The Opinion Letter is provided for the information and assistance of the Board of Directors of the Company in connection with its consideration of the transaction contemplated therein. We understand that the Company has determined to include the Opinion Letter in the Registration Statement. In that regard, we hereby consent to the reference to our Opinion Letter under the captions “Summary—Skyworks’ Reasons for the Mergers; Recommendation of the Skyworks Board of Directors,” “Summary - Opinions of Skyworks’ Financial Advisors—Opinion of Goldman Sachs,” “Risk Factors—Risks Related to the Mergers,” “The Mergers—Background of the Mergers,” “The Mergers—Skyworks’ Reasons for the Mergers; Recommendation of the Skyworks Board of Directors,” “The Mergers—Certain Skyworks Unaudited Prospective Financial Information,” “The Mergers—Management Assumed Synergies,“The Mergers—Certain Pro Forma Financial Information,“The Mergers – General Information Regarding the Forecasts,” and “The Mergers—Opinions of Skyworks’ Financial Advisors—Opinion of Goldman Sachs” and to the inclusion of the Opinion Letter in the joint proxy statement/prospectus included in the Registration Statement.
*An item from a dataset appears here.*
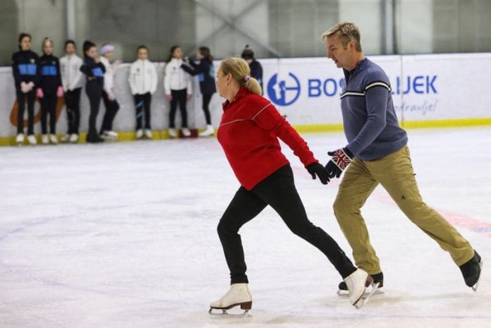 Dressed in black outfits and assisted by Sarajevo young skaters, they performed a shortened version of the routine that cemented their status as legends of the sport and household names in Britain at the Skenderija Olympic Hall.

Notwithstanding the foregoing, it is understood that our consent is being delivered solely in connection with the filing of the Registration Statement and that our Opinion Letter is not to be used, circulated, quoted or otherwise referred to for any other purpose, nor is it to be filed with, included in or referred to, in whole or in part, in any registration statement (including any subsequent amendments to the Registration Statement), proxy statement or any other document, except in accordance with our prior written consent. In giving such consent, we do not thereby admit that we come within the category of persons whose consent is required under Section 7 of the Securities Act of 1933 or the rules and regulations of the Securities and Exchange Commission thereunder.